Hisamatsu's koan transformed my understanding of Zen. First, his koan was not paradoxical but sharp and straightforward. Secondly, it indicated a stage in the human condition without a happy or optimistic ending; desperation and misery seemed to me to be the final scenes.

I have come to realize that Buddhism is not a religion of optimism -- one in which everybody lives happily ever after -- and that koans are not necessarily paradoxical catalysts meant to spur the hours spent in meditation. When we sit in zazen, we sometimes sit with the goal of attaining kensho-insight. To this degree, some of us are optimistic in the purpose of our sitting. But even this idea would draw the ire of many Zen masters, past and present.

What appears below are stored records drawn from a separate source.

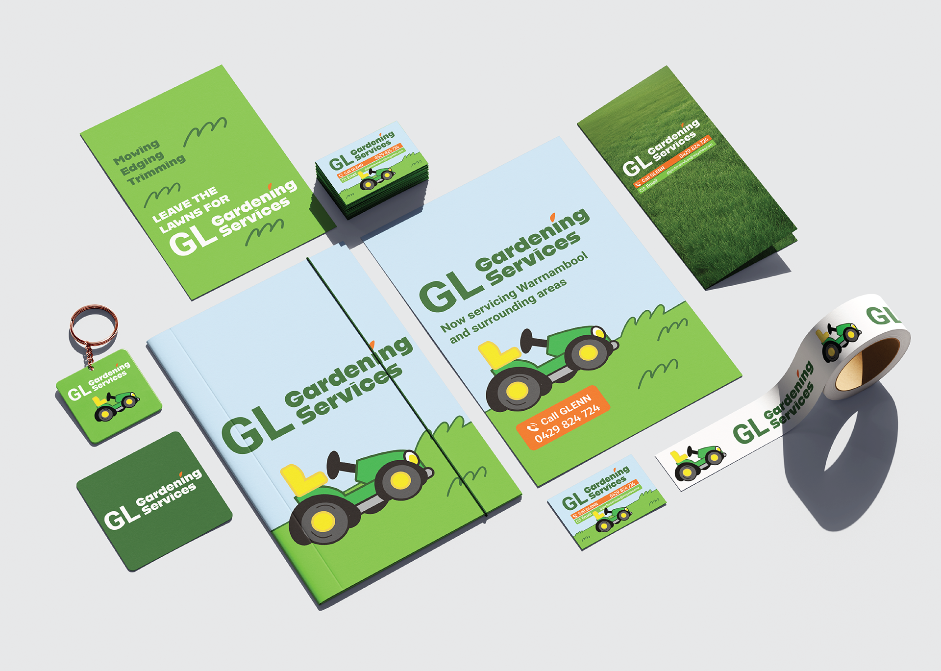 GL Gardening Services is a lawn mowing business located in Warrnambool, Victoria which I created a logo and advertising material.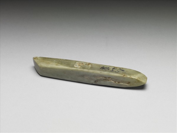 青綠夾雜乳白色石鑿,呈四方柱狀,平刃,偏鋒,器身起段處明顯。四面拋磨光滑,切割平整,尾端朝中央削尖。兩面墨書「NO.55」。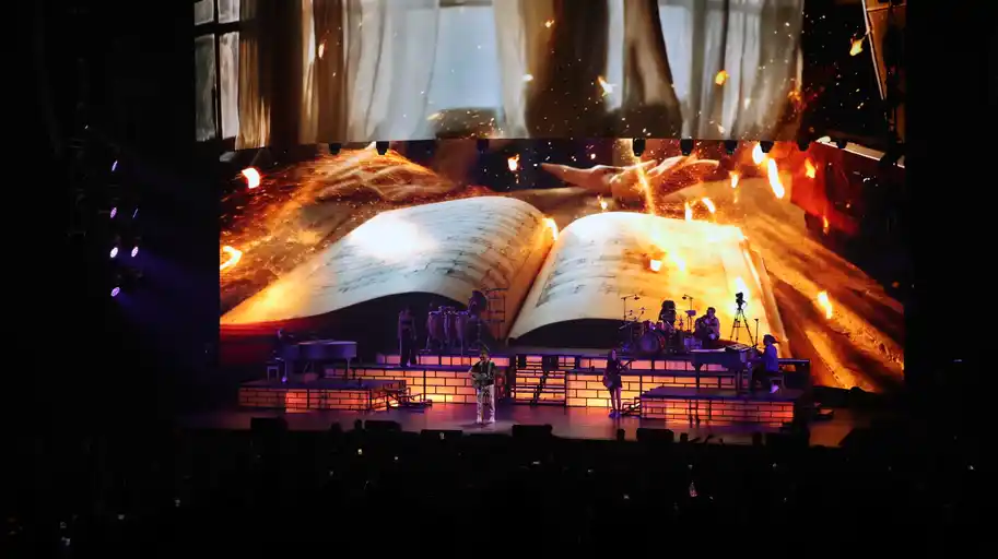 El espectáculo se apoyó en una producción visual correcta: pantallas laterales, una pantalla central alargada y un diseño de luces que acompañó con dinamismo cada interpretación. La banda, integrada por ocho músicos, aportó solidez a la ejecución instrumental, con secciones de percusión, metales, cuerdas y teclados que respaldaron el recorrido musical.

Let us return to Hisamatsu's koan. As I mentioned above, my first reaction was one of shock. Perhaps, the koan ignited some psychological angst which I had never consciously considered. To ponder a world in which everything that one has labored and striven for suddenly turning to dust was more than I could imagine. It is probably no exaggeration to say that most people bury this angst outside their conscious world in an attempt to deny the impermanence of all things.

As I sit here on the outskirts of Kobe, I need not push any button to instantaneously replay the many images of destroyed lives, obliterated homes, or the cadavers of children. These have been eternally ingrained in my mind. Also ingrained is the reality of the impermanence of life, the possibility that everything and everybody we have worked and slaved for could indeed perish in an instant.

The great Hanshin earthquake was an experience beyond words. Surviving the quake was a great gift that has brought many spiritual rewards. Impermanence is more than philosophical meandering, it is an undeniable and unmitigable truth. I firmly believe that the degree to which we embrace Hisamatsu's koan, with all its terrifying ramifications, will lead us to greater spiritual fulfillment and to the heart of the human condition.